RAW DATA:
****************

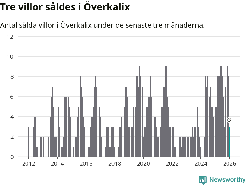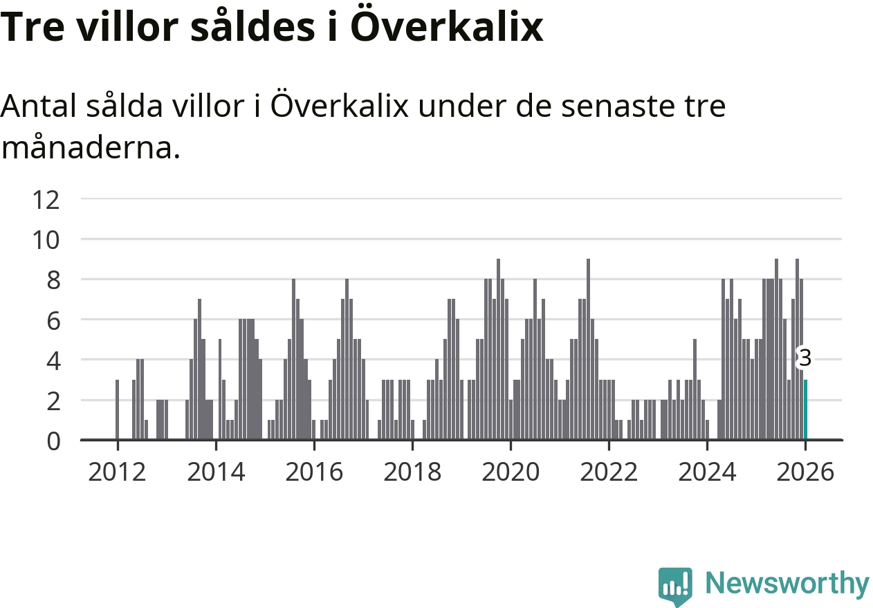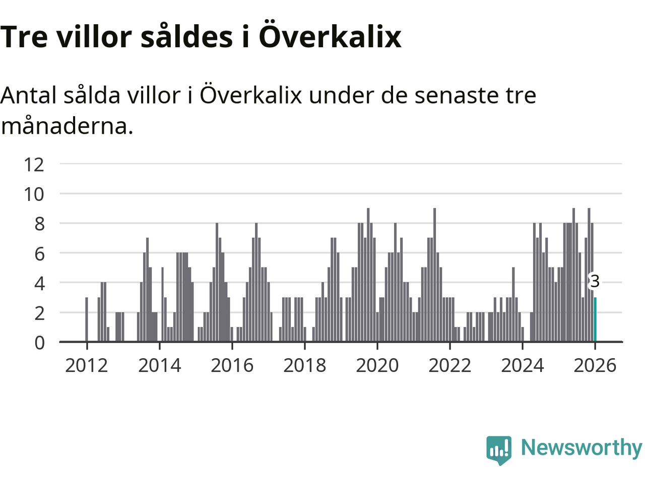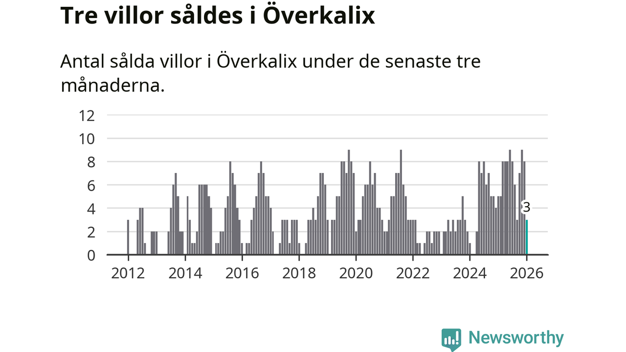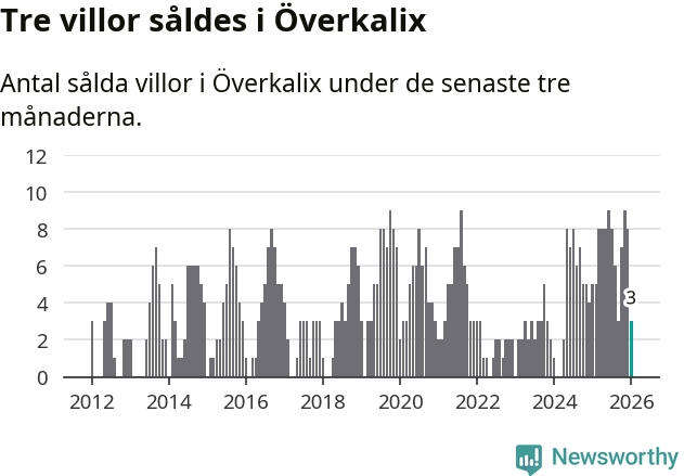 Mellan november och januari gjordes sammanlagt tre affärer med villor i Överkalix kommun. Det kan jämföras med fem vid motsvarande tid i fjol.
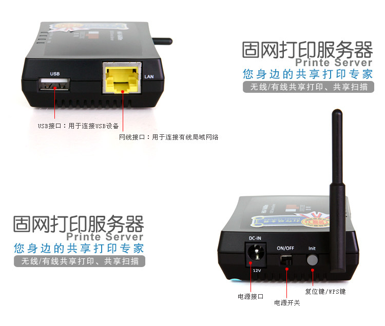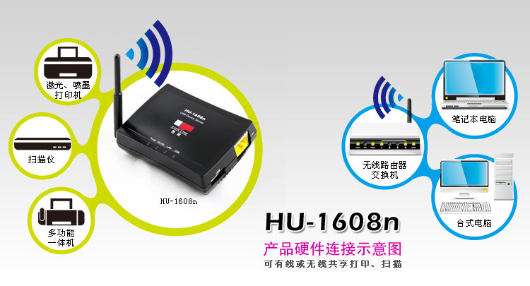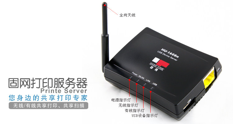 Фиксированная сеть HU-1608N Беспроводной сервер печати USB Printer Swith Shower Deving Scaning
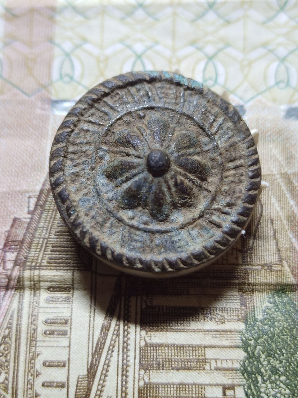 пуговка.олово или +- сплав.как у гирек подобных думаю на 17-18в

****************

DIRECTIONS FOR THIS TASK: Give the data again exactly as it appears, but without any images.

SOLUTION TO THIS EXERCISE:
 Mellan november och januari gjordes sammanlagt tre affärer med villor i Överkalix kommun. Det kan jämföras med fem vid motsvarande tid i fjol.
 Фиксированная сеть HU-1608N Беспроводной сервер печати USB Printer Swith Shower Deving Scaning
 пуговка.олово или +- сплав.как у гирек подобных думаю на 17-18в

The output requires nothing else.